The general purpose of this project is to use techniques learned during the course in Statistical methods in risk management useful to analyze stock price data. In particular, we consider prices concerning ten different stocks recorded during the 2007-2009 financial crisis. The data source is the Wharton Research Data Services.

The analysis is structured as follows. In the first section, I show how two extreme events, the rescue of Bear Sterns on March 14, 2008 and Lehman Brothers bankruptcy on September 15, 2008, affected the price and log-return dynamics. Next, I test both the marginal and joint normality of the ten stock returns by means of the Jarque-Bera and Mardia test respectively. First, we observe that the normal distribution fails to capture returns happening in the tails. Second, joint normality is not detected. Subsequently, I evaluate some pair-wise stock returns, either from companies of the same sector and different ones, in order to quantify their correlation.

In the second section, I focus on financial stocks with the objective of assessing their dependence using copulas of different types. We see, that the copula which fits the observations best is the t-Copula.

In the third section, I consider a linear portfolio which invest $1000 in each of the stocks at the beginning of the period, assuming that its composition does not change during the entire period. Afterwards, I evaluate the Value-at-Risk of the portfolio at 95% level using two different strategies. Firstly, I compute the VaR using the empirical profit and loss distribution, secondly using a normal model. The comparison between the two shows that the parametric approach would have led to more conservative capital management decisions compared to empirical one, since it signals higher potential losses. In the end, I add to the analysis 2010 portfolio returns, in order to record the number of violations occurred under the two different frameworks. We see that the normal model incurs in fewer violations with respect to the the historical one.
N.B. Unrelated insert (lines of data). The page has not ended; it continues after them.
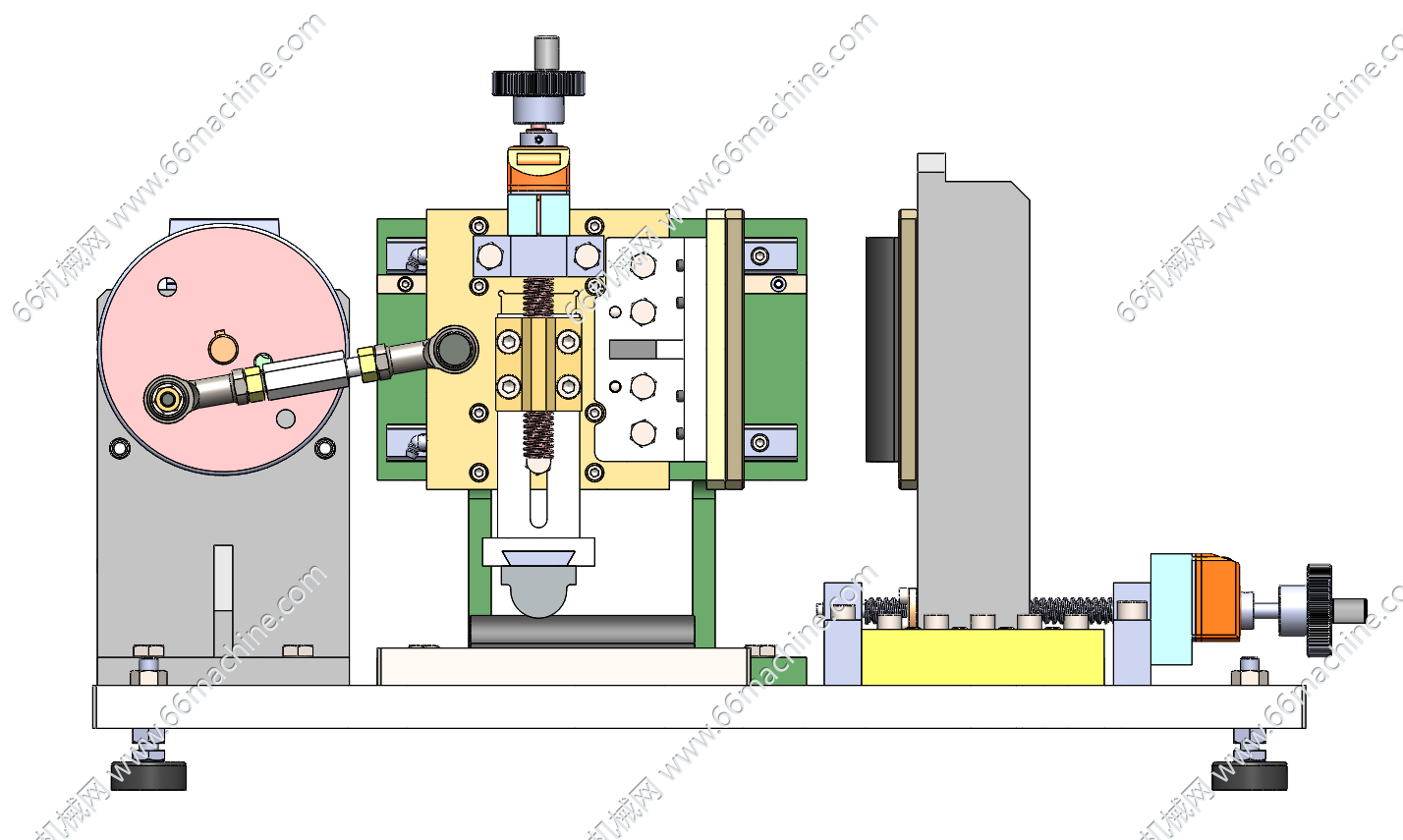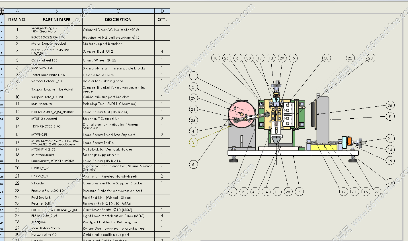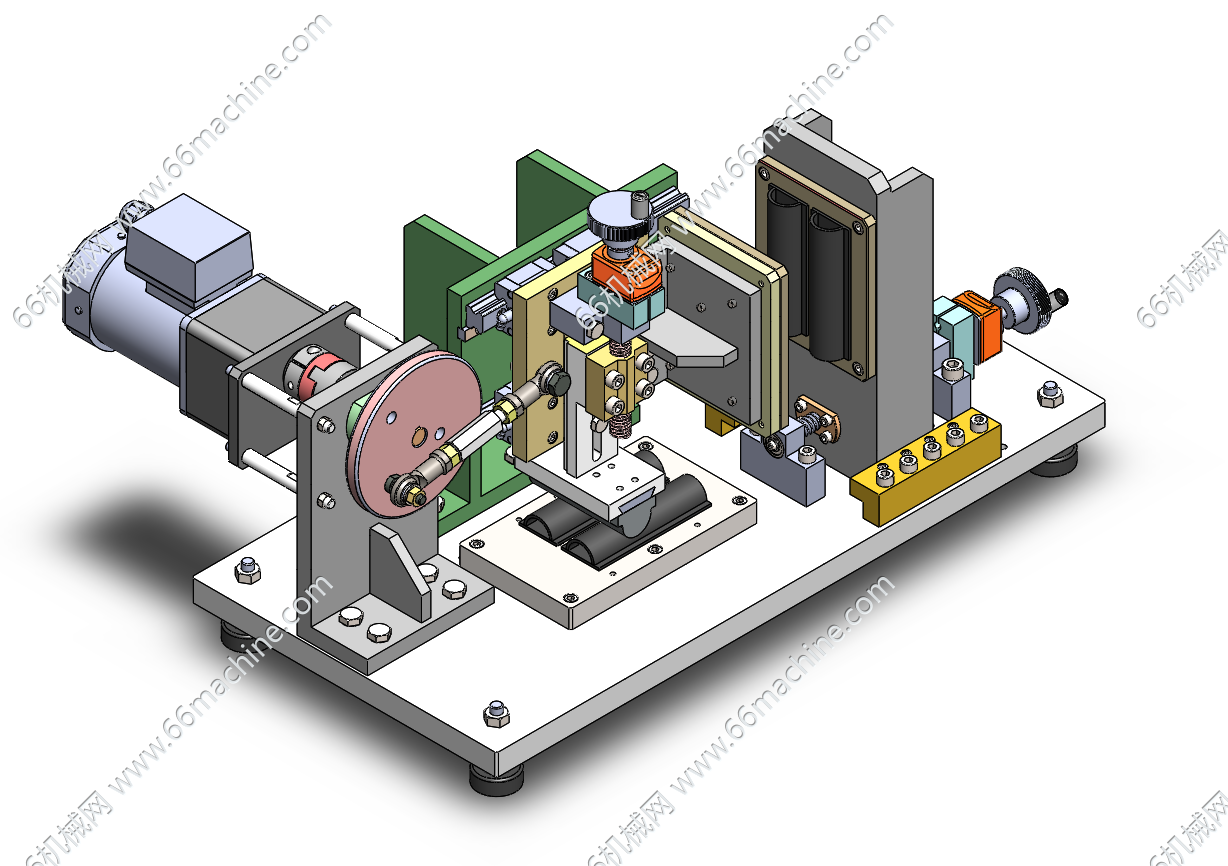 本模型为压缩摩擦试验机,通过电机带动圆盘上的连杆运动进而实现相应构件水平摩擦及压缩。主要用于对橡胶等软材料进行压缩和摩擦试验,以验证材料的耐磨性。本模型包含所有零部件,建模精巧,绝对精品,可供大家探讨学习!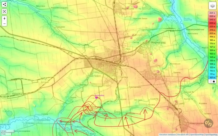 На Покровском направлении наши части, продолжая развивать наступление южнее Покровска, к вечеру сумели выйти в район н.п. Бельгийка и тем самым вышли уже практически на окраины г. Покровска, до которого им осталось пройти всего лишь одно поле (или 1,5 км). Также идёт сильное давление на позиции ВСУ в районе н.п. Песчаное.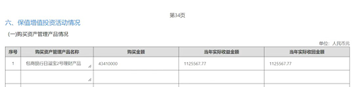 保值增值投資情況方面,年報(bào)顯示,該基金會(huì)購買包商銀行日溢寶2號理財(cái)產(chǎn)品,購買金額4341萬元,當(dāng)年實(shí)際收益1125567.77元。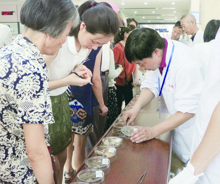 圖為活動中,專家向公眾傳授鑒別中藥材真偽的方法。王芳 攝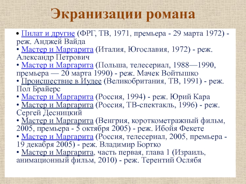 • Мастер и Маргарита (Россия, телесериал, 2005, премьера - 19 декабря 2005) - реж. Владимир Бортко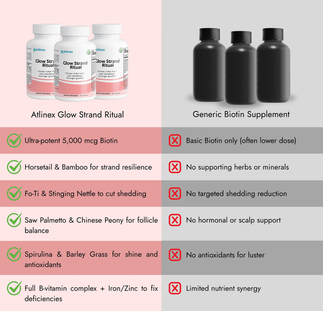 Great question! Regular biotin is good, but Glow Strand Ritual is so much more. You get an ultra-high potency 5,000 mcg of biotin plus our exclusive proprietary hair blend. They all work together to reduce shedding, boost thickness, and support stronger growth. It's complete, targeted hair nourishment. Not just one ingredient. That's why women see better, faster results!

The last section is devoted to the description of the topics covered during the course.

Prices and log returns dynamics

The purpose of this section consists in showing some empirical properties of financial time series using a sample of US assets. First of all, I conduct an exploratory analysis of the price dynamics of equities in the Table below between 3 January 2007 and 31 December 2009. As we can see in the Figure below, a strong negative trend plays out in correspondence with Bear Stearns rescue on March 14 2008 and terminates around January 20 2009. The Table below, quantifies the percentage price change recorded in that period summarizing the worst downturn of the US financial system since the Great Depression.

Company	Sector	Ticker
American International Group	Financials	AIG
Amazon.com, Inc.	Consumer	AMZN
Bank of America Corp.	Financials	BA
Goldman Sachs Group, Inc.	Financials	GS
Coca-Cola Company	Consumer	KO
Morgan Stanley	Financials	MS
Microsoft Corp.	IT	MSFT
Northern Trust Corp.	Financials	NTRS
Wells Fargo & Co	Financials	WFC
ExxonMobil Corp.	Energy	XOM

Table: Equity portfolio composition.

Ticker	Sector	P.2008-03-14	P.2009-01-20	(%) Change
MSFT	IT	27.96	18.48	-33.90558
KO	Consumer	57.53	42.88	-25.46497
XOM	Energy	85.91	76.29	-11.19777
BA	Financial	76.23	40.36	-47.05497
WFC	Financial	28.45	14.23	-49.98243
NTRS	Financial	66.08	43.93	-33.51998
AIG	Financial	41.18	1.37	-96.67314
MS	Financial	39.55	13.10	-66.87737
AMZN	Consumer	68.22	48.44	-28.99443
GS	Financial	156.86	59.20	-62.25934

Table: Percentage price change between 14 Mar. 2008 and 20 Jan. 2009

Then, I consider the log returns illustrated in the Figure below where we can realize the presence of the following stylized facts, as reported in Embrechts, McNeil, and Frey (2015). (1) conditional expected returns are close to zero; (2) volatility appears to vary over; (3) extreme returns appear in clusters. In particular, within our context, higher volatility is registered afterwards the bankruptcy of Lehman Brothers highlighted in red.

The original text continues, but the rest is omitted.